I have observed through my lifetime that some of us sunburn easily and others do not. That suggests to me that we probably have different levels of susceptibility to the effects of electromagnetic radiation.
That in a nutshell is the environment and the base effects of electromagnetic radiation. Remember though, we are in a sea of electromagnetic radiation from ULF (Ultra Low Frequency - 0 to 300 Hz) right up to cosmic radiation where the diameter of an atom represents several wavelengths. Ever since Marconi, that sea has gotten deeper and more intense and continues to do so daily.
The issue before the scientific community is how much can the human body absorb before there is irreparable damage or acute interference with biological functions which are triggered by electrical nerve impulses.
My medical training consists of my St John's Ambulance scout badge and my Royal Life Saving Society awards. I have absolutely no idea how much the human body can safely absorb and under what conditions. I leave that issue to the health professionals.
The Board follows guidelines determined by Health Canada. They are the "experts". If there were to be an "expert" discussion on the validity of those guidelines, it would not include me or the parents objecting to WiFi. I have listened to "experts" on both sides of the argument and read many of their publications. Since both sides of the argument cite medical evidence and include medical practioners among their numbers, I am no further ahead ... and I suspect that is Health Canada's dilemma as well.
Health Canada also has the problem of the backlash from industries which have built their safety precautions around Code 6 and may have significant financial liabilities to change them to meet lower guidelines. Then there is the substantial lobby of the communications industry. Neither of these influences has anything to do with health, but they are significant factors in any decision Health Canada will make. I suggest that to overcome those two influences there will have to be irrefutable and overwhelming evidence of harm and that level of evidence does not yet exist.
While I suggest I would follow the precautionary principle and remove WiFi until we are absolutely certain of its safety, I am one vote among 10. I was asked how I would convince other Trustees to vote with me. I believe that is the job of their constituents. At this moment there is not a sufficient groundswell of opinion to create the climate for that kind of a vote, and opinions are sharply divided. That leaves the Board in the position of having to trust the Health Canada Guidelines. That, after all is our mandate ... to provide the safest possible environment by following all codes and guidelines given to us by the experts.

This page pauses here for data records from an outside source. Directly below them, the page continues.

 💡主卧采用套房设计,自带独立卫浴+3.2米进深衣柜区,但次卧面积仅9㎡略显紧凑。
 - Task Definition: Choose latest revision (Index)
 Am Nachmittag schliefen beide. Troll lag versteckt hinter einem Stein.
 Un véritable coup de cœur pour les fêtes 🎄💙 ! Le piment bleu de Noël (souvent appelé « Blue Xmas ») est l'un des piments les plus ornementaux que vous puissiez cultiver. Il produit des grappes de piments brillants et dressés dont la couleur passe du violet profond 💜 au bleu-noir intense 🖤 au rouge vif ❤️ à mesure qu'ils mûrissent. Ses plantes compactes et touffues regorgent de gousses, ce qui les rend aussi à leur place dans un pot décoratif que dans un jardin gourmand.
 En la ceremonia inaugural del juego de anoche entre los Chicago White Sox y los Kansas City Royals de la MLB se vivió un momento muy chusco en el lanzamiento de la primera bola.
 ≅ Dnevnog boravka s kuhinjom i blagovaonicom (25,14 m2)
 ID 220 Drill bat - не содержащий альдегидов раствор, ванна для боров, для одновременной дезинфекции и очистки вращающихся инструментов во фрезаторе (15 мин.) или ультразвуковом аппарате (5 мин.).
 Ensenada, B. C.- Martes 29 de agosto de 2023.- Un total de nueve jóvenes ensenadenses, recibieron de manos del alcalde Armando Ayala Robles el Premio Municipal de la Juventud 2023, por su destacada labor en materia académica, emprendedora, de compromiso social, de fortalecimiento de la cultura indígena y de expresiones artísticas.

I was gratified at the levels shown by the tests conducted at SVE since they are orders of magnitude below the standard of Health Canada Safety Code 6. They are also below the guidelines of most of the Countries in the world ... most of which have much more restrictive guidelines than Safety Code 6.

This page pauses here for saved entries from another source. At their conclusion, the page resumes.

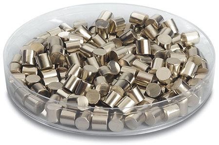 Nickel is a hard, lustrous, silvery-white metal. It has a density of 8.91 g/cc, a melting point of 1,453°C, and a vapor pressure of 10-4 Torr at 1,262°C. Its key characteristics are malleability, ductility, and ferromagnetism and its polished surface resists tarnishing when exposed to air. It is the second most abundant element in earth's core next to iron. It is mainly used to make stainless steel, coins, and batteries. It can also be found in jewelry, but its presence has decreased due to skin allergies. When evaporated in vacuum, nickel can form a decorative coating on ceramic surfaces or a solder layer in circuit device fabrication. It is often sputtered to form layers in the production of magnetic storage media, fuel cells, and sensors.
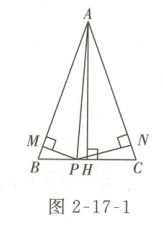 01 我们发现,“用不同的方式表示同一图形的面积”可以用来解决计算线段长的有关问题,这种方法称为等面积法.如图 2 - 17 - 1,在△ABC 中,AB = AC = 13,BC = 10,过点 A 作 AH⊥BC 于点 H,AH = 12,P 为底边 BC 上的任意一点,过点 P 作 PM⊥AB,PN⊥AC,垂足分别为 M,N,连接 AP,利用“等面积法”求 PM + PN 的值.
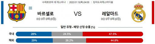 스페인 슈퍼컵 1월 13일 04:00 FC 바르셀로나 : 레알 마드리드
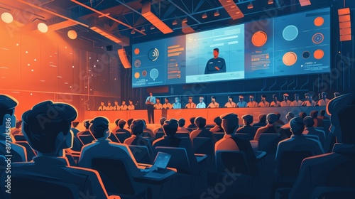 An illustration of a business conference, with a keynote speaker presenting to a large audience, with banners and corporate branding in the background.
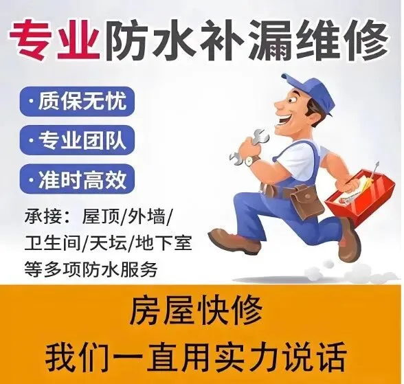 屋顶专业补漏:治理平顶/斜顶渗漏、瓦片破损、防水层老化失效。
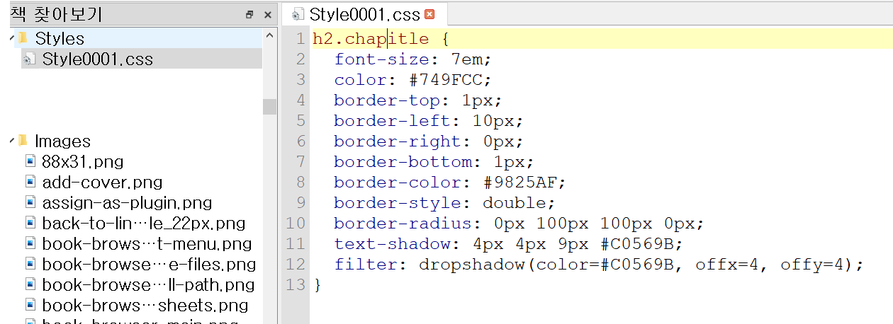 이 코드를 복사해 Sigil의 CSS 파일에 붙여넣습니다.
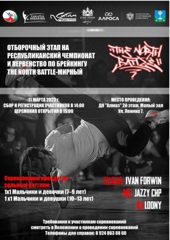 В целях популяризации и развития спортивного направления «Брейкинг», официально признанного Олимпийской танцевальной категорией, 11 марта в городе Мирный состоятся мастер-класс и соревнования по танцевальному спорту в направлении «брейкинг» (брейк-данс).

However the safety limit of Safety Code 6 (10W/m2) is established by thermal effects alone because it is stated that the evidence for harmful non-thermal bio-effects is "not conclusive or it is ambiguous."
If evidence is ambiguous as to harm, it is also ambiguous as to safety.

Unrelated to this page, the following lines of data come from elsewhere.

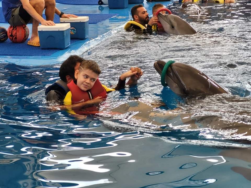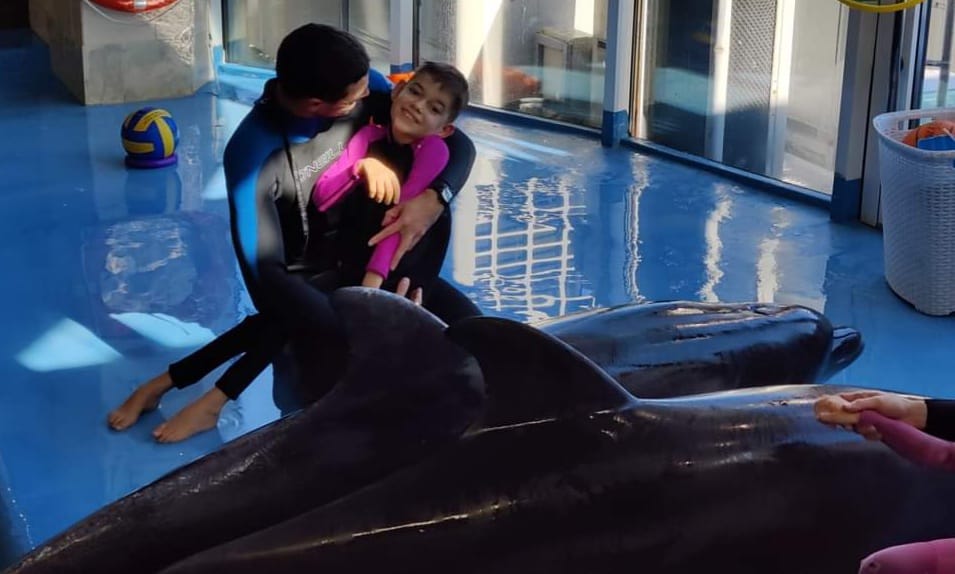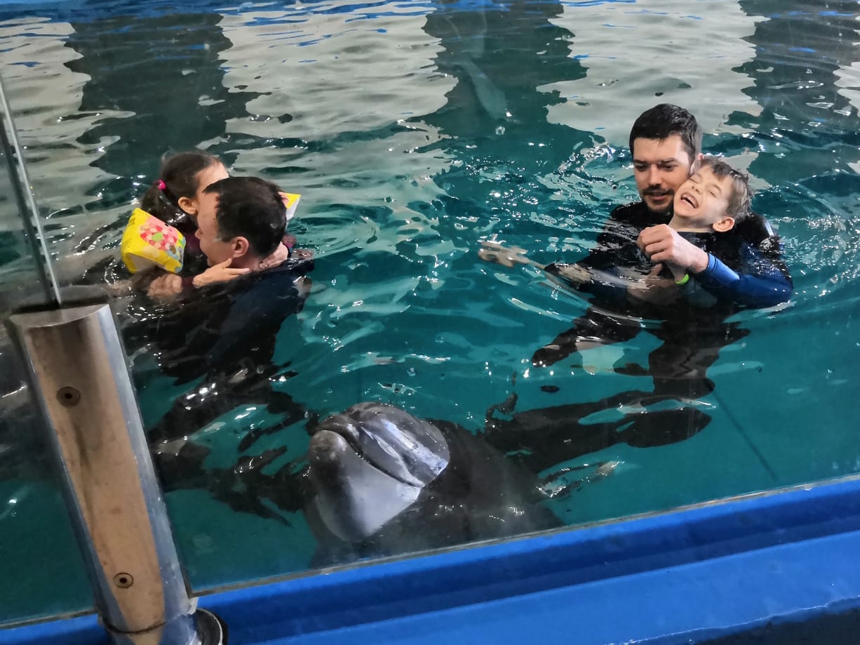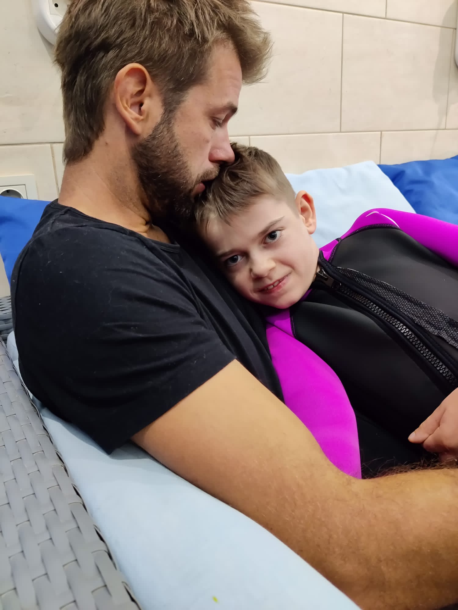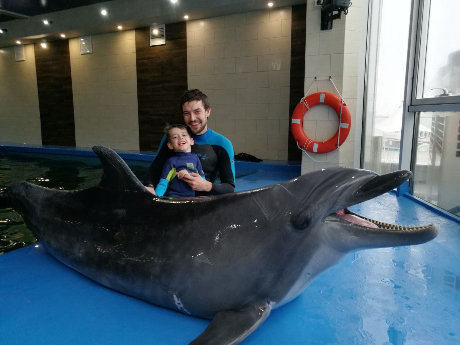 V říjnu jsme byli opět na Ukrajině v Oděse. Rehabilitace s delfíny. Let byl tentokrát v noci a tak to pro nás bylo trochu náročné a první plavání ve studené vodě jsem prořval. Ale pak pusinkuju delfíny a hlavně mi to pomáhá. Spím celou noc a ty hnusné křeče povolí.
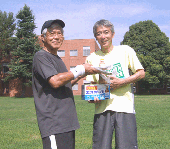 写真は『早朝』の岩田さんへの“56789”ゲット・プレゼント(カメラマン=藤枝くん)。
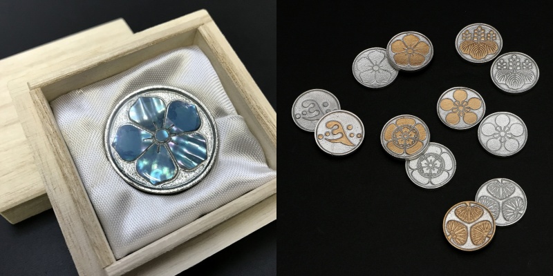 ●カラー/金・銀・水色(明智のみ) ●素材/錫鋳物 ●サイズ:直径約32㎜、桐箱入り
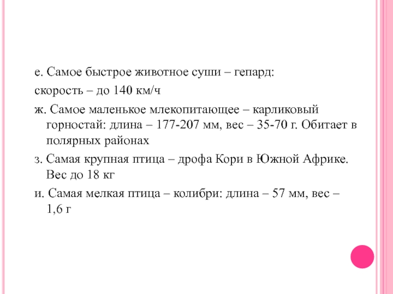 и. Самая мелкая птица – колибри: длина – 57 мм, вес – 1,6 г

Fortunately, the numbers for SVE are quite low; however, I wonder how we would have felt if they were say 9W/m2 which is technically below the Code 6 level. To me, the thought of 9W being constantly absorbed by every square meter of my surface for 8 hours is kind of scary. That is a drastic example, but where is the comfort zone for each of us as to how much is too much? Do we want to put ourselves in the position to have to make such a decision? Most of us are not medically competent to make the call. We have left that decision to Health Canada ... the same Health Canada which approved Thalidomide for use ... So, you can see my dilemma.